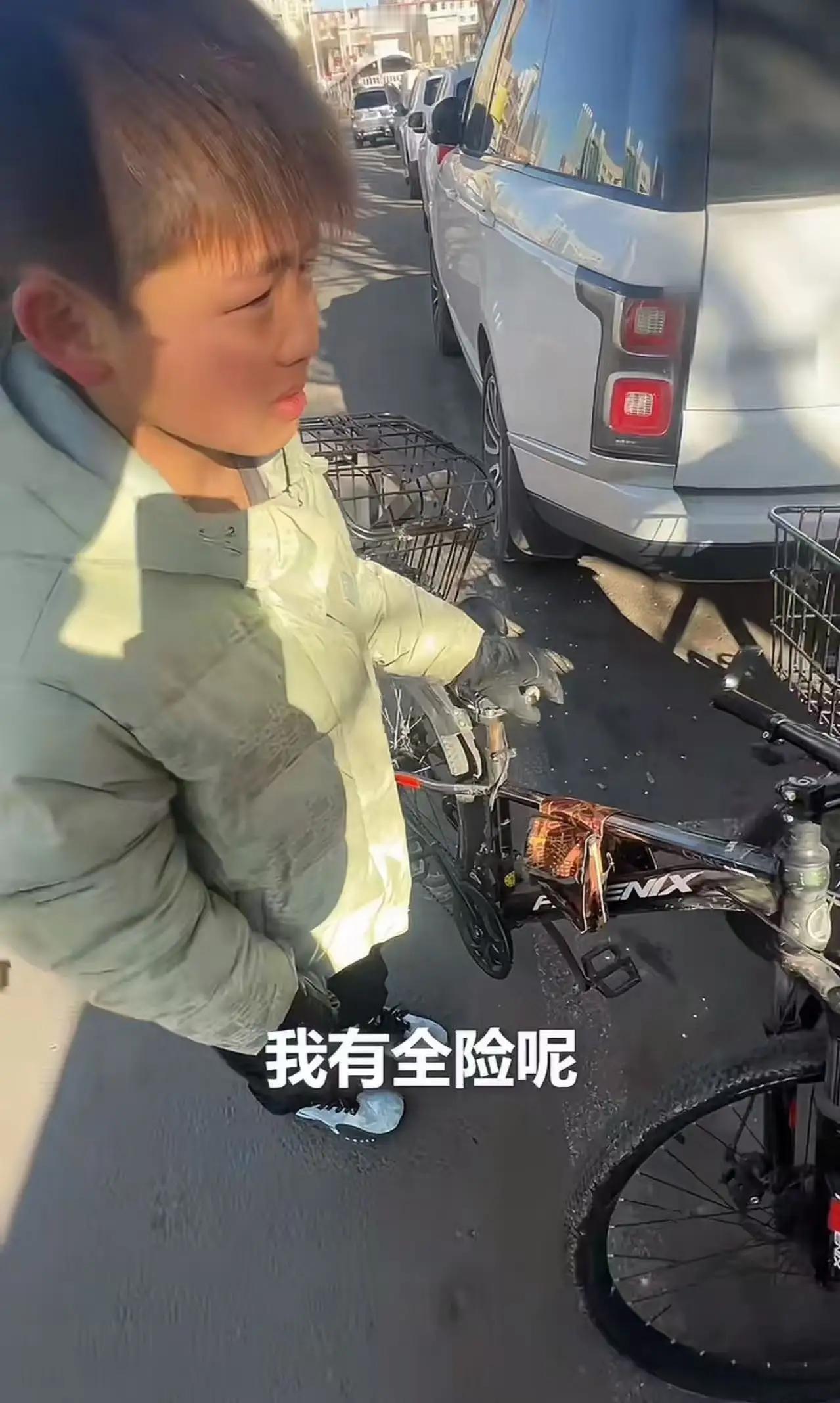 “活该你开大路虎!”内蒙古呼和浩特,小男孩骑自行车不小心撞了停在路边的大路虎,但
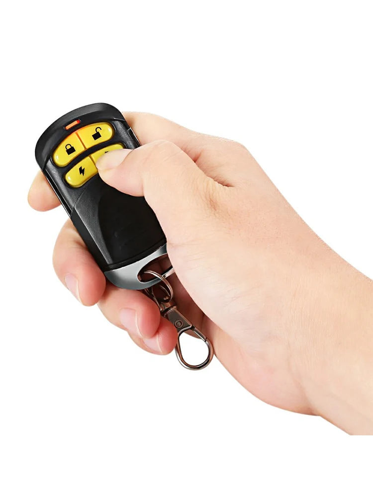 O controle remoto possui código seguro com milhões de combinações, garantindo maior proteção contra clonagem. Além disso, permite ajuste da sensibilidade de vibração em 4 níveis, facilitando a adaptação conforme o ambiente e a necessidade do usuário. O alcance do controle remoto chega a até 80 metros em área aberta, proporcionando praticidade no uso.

---

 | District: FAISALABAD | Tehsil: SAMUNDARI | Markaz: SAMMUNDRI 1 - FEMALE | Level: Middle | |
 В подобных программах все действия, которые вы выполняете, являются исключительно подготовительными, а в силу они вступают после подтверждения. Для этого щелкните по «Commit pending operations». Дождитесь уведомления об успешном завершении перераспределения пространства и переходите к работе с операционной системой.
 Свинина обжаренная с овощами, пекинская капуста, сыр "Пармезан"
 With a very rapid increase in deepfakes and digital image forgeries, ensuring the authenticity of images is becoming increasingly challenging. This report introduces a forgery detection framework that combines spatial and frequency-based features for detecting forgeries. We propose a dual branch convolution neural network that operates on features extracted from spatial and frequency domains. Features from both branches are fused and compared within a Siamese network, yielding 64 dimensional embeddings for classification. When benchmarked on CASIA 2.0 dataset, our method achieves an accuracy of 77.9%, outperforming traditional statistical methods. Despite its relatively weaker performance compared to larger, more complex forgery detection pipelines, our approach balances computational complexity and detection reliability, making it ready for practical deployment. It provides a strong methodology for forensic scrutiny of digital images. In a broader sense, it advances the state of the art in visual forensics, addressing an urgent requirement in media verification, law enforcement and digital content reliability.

Exercise objective: Reproduce exactly the section above that begins at the line containing "Level: Middle | |" and ends at the line containing "With a very", leaving out all other lines.

Exercise output:
 | District: FAISALABAD | Tehsil: SAMUNDARI | Markaz: SAMMUNDRI 1 - FEMALE | Level: Middle | |
 В подобных программах все действия, которые вы выполняете, являются исключительно подготовительными, а в силу они вступают после подтверждения. Для этого щелкните по «Commit pending operations». Дождитесь уведомления об успешном завершении перераспределения пространства и переходите к работе с операционной системой.
 Свинина обжаренная с овощами, пекинская капуста, сыр "Пармезан"
 With a very rapid increase in deepfakes and digital image forgeries, ensuring the authenticity of images is becoming increasingly challenging. This report introduces a forgery detection framework that combines spatial and frequency-based features for detecting forgeries. We propose a dual branch convolution neural network that operates on features extracted from spatial and frequency domains. Features from both branches are fused and compared within a Siamese network, yielding 64 dimensional embeddings for classification. When benchmarked on CASIA 2.0 dataset, our method achieves an accuracy of 77.9%, outperforming traditional statistical methods. Despite its relatively weaker performance compared to larger, more complex forgery detection pipelines, our approach balances computational complexity and detection reliability, making it ready for practical deployment. It provides a strong methodology for forensic scrutiny of digital images. In a broader sense, it advances the state of the art in visual forensics, addressing an urgent requirement in media verification, law enforcement and digital content reliability.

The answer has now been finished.